Percona XtraDB Cluster moved to https://jira.percona.com/projects/PXC

SEGV in XtraDB Cluster

Bug #1078346 reported by Dan Rogers on 2012-11-13

This bug affects 6 people

Affects		Status	Importance	Assigned to	Milestone
	MySQL patches by Codership	Fix Released	Medium	Seppo Jaakola	MySQL patches by Codership 5.5.29-23.7.1
	Percona XtraDB Cluster moved to https://jira.percona.com/projects/PXC	Fix Released	Undecided	Unassigned	Percona XtraDB Cluster moved to https://jira.percona.com/projects/PXC 5.5.29-23.7.1

Bug Description

While in the process of switching a database server from Percona Server 5.5.28-rel29 (in a master-master relationship) to Percona XtraDB Cluster, I encountered a situation where any attempt to start the slave on the Cluster server would cause a SEGV.

A similar (or possibly identical) crash was reported as part of https://bugs.launchpad.net/galera/+bug/1036774 back in September.

As with the above report, the only way to get past that point in the binlogs was to switch back to the base Percona server version.

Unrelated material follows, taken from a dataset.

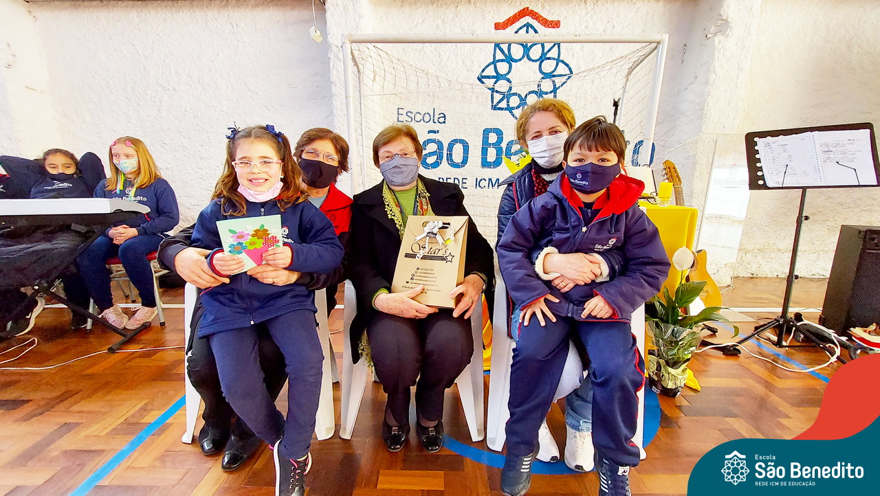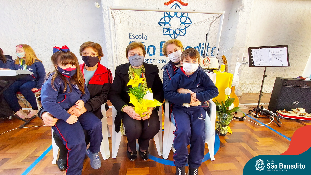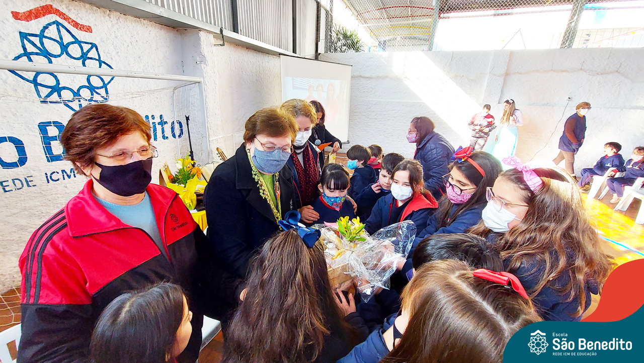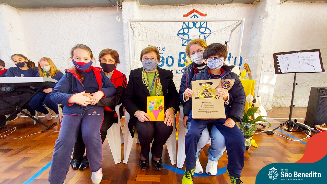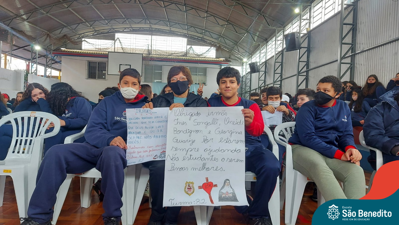 Na sexta-feira, 19/08 e segunda-feira (22/08), a Escola São Benedito celebrou a vida e vocação das irmãs Ines Sangalli, Oneide Bordignon, Georgina Guarize, e das coordenadoras pedagógicas, Lúcia Alves e Patrícia Barreto. As comemorações contaram com homenagens das turmas, que cantaram, tocaram e dançaram. Além disso, os educadores da Educação Infantil e Ensino Fundamental prepararam um vídeo especial, demonstrando todo afeto e respeito que guardam no peito.

We've also seen 4.5 million "WSREP: skipping FK key append" messages, as described in https://bugs.launchpad.net/codership-mysql/+bug/1057910

Here's the dump from the logs. Config file is attached.

---

121108 12:24:45 [Note] Slave SQL thread initialized, starting replication in log 'mysql-bin.002763' at position 84270110, relay log '/mysqlroot/mysql/relaylog/relay.000270' position: 84270256
121108 12:24:45 [Note] Slave I/O thread: connected to master '<email address hidden>:3306',replication started in log 'mysql-bin.002764' at position 402960631
18:24:45 UTC - mysqld got signal 11 ;
This could be because you hit a bug. It is also possible that this binary
or one of the libraries it was linked against is corrupt, improperly built,
or misconfigured. This error can also be caused by malfunctioning hardware.
We will try our best to scrape up some info that will hopefully help
diagnose the problem, but since we have already crashed,
something is definitely wrong and this may fail.
Please help us make Percona Server better by reporting any
bugs at http://bugs.percona.com/

key_buffer_size=16777216
read_buffer_size=524288
max_used_connections=45
max_threads=750
thread_count=35
connection_count=35
It is possible that mysqld could use up to
key_buffer_size + (read_buffer_size + sort_buffer_size)*max_threads = 1945858 K bytes of memory
Hope that's ok; if not, decrease some variables in the equation.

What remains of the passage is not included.